‘Madam Secretary’ began its final season with the highly anticipated premiere episode revealing that Secretary of State, Elizabeth McCord (Téa Leoni), had won the race for the presidency. Capping off three years of contributing digital effects to the show, VFX Legion created a mix of large-scale CG shots for this last season, right through to the series finale.
The company’s team has been called on to craft over 140 of the CBS show’s most complex visual effects over the last three seasons. They’ve created everything CG environments that transport the live-action to locations in D.C. and throughout the world – to technically challenging effects. Each shot was designed to elevate the visual impact of creator, EP, writer, show runner Barbara Hall’s hit political series.
VFX Legion first came onboard during the fourth season, after the show’s producer, Tony Palermo, took a meeting with the the company’s VFX Supervisor, James David Hattin, and Executive Producer, Reid Burns.
“Tony was surprised to see such convincing shots of the White House and D.C. from the TV show, ‘Scandal’ on Legion’s CG reel,” says Burns. “Digital environments built from the ground up were indistinguishable from practical footage – and got us in the door.”
Digital taking the show where film cant go.
‘Madam Secretary’ had been using stock footage of the White House and other locations, and working around their limited flexibility. The cost of taking the New York production to D.C., tight deadlines, and actors’ schedules made filming multiple environments unrealistic. Legion presented a viable, efficient alternative: Photo-real CG shots custom-designed to match live footage, as well as locations that don’t permit filming, recreated digitially, with spot-on accuracy.

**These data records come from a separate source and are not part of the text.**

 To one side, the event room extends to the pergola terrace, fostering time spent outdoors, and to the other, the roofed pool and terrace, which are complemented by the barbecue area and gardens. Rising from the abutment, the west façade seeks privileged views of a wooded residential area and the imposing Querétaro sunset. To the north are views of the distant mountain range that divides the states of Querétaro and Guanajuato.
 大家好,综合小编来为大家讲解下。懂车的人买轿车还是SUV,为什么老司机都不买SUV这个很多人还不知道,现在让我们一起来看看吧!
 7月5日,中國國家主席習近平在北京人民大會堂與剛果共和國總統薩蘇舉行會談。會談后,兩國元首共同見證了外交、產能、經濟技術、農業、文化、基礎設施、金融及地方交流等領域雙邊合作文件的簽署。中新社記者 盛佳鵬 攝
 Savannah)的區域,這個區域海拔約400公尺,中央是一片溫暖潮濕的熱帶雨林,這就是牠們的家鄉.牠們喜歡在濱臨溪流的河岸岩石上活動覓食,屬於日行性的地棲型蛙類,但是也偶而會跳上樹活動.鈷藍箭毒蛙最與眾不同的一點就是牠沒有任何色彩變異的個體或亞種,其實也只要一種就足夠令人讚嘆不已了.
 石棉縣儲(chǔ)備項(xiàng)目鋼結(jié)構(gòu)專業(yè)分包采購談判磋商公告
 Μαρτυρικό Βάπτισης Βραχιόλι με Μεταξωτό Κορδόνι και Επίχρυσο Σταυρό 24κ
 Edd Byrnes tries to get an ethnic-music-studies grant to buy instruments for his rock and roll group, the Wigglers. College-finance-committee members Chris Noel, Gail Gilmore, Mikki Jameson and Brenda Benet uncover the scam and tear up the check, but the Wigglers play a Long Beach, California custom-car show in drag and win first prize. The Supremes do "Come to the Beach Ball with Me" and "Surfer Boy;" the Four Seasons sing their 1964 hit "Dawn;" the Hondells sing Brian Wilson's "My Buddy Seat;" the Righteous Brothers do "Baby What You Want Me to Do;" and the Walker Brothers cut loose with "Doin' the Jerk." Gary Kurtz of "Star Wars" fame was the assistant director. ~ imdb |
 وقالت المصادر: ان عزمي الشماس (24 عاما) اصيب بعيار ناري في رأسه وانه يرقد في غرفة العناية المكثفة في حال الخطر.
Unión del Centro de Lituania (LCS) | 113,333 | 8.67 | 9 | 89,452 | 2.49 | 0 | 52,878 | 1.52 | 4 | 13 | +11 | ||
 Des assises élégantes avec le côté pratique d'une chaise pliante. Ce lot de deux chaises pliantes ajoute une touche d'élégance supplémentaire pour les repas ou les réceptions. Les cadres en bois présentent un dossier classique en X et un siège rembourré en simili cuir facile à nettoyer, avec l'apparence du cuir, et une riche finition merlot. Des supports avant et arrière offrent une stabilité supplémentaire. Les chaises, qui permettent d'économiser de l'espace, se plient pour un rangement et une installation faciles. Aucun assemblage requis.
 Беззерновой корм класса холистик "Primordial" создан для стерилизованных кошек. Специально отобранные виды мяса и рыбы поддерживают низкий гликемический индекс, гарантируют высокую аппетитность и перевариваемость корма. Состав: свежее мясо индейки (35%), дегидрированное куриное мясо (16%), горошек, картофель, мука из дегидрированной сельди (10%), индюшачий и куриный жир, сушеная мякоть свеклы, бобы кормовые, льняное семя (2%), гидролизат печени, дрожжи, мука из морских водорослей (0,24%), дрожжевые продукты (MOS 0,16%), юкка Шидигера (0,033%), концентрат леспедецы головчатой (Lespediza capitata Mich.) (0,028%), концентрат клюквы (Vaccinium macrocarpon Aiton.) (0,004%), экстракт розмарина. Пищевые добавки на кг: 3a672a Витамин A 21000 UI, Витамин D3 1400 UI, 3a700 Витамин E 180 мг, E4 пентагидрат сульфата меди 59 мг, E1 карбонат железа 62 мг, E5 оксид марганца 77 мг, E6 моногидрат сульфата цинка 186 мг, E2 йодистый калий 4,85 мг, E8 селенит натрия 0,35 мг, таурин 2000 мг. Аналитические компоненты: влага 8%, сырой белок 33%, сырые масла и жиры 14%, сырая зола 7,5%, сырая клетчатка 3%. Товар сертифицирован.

“The high-quality, visual effects we turned around quickly and on budget for that first episode led to the expansion of Legion’s role,” says Burns. “We became the go-to VFX specialist for ‘Madam Secretary.The writer’s room started developing scripts with a wider range of scenarios that took advantage of our CG assets.”
Shot in New York, and set in Washington D.C,The White House was a crucial fixture in the show. At the same time, international diplomacy also took storlines beyond US borders. Legion created CG sequences that enabled scenarios to play out in political hotspots around the globe, taking the show digitally where it was unable to go to on film.
“Our team replicated computer-generated environments throughout the world, from Syria and Turkey to Iraq and Mexico. We were fortunate to be given the freedom to design shots that were innovative, dramatic, and of a scale rarely seen on the show,” adds Hattin.
Legion created numerous virtual crowd sequences over the years. Towards the end of season six, its team took digital crowd simulation to the next level. Compositors, animators, and artists created a CG motion capture sequence of a large group gathered in D.C. to support the president.
During season five, a crowd of hundreds of people we simulated to augment the original footage of displaced Syrians. VFX Legion was called on to create a motion capture sequence and dramatically bulked up the number of refugees making the trek to the Turkish border.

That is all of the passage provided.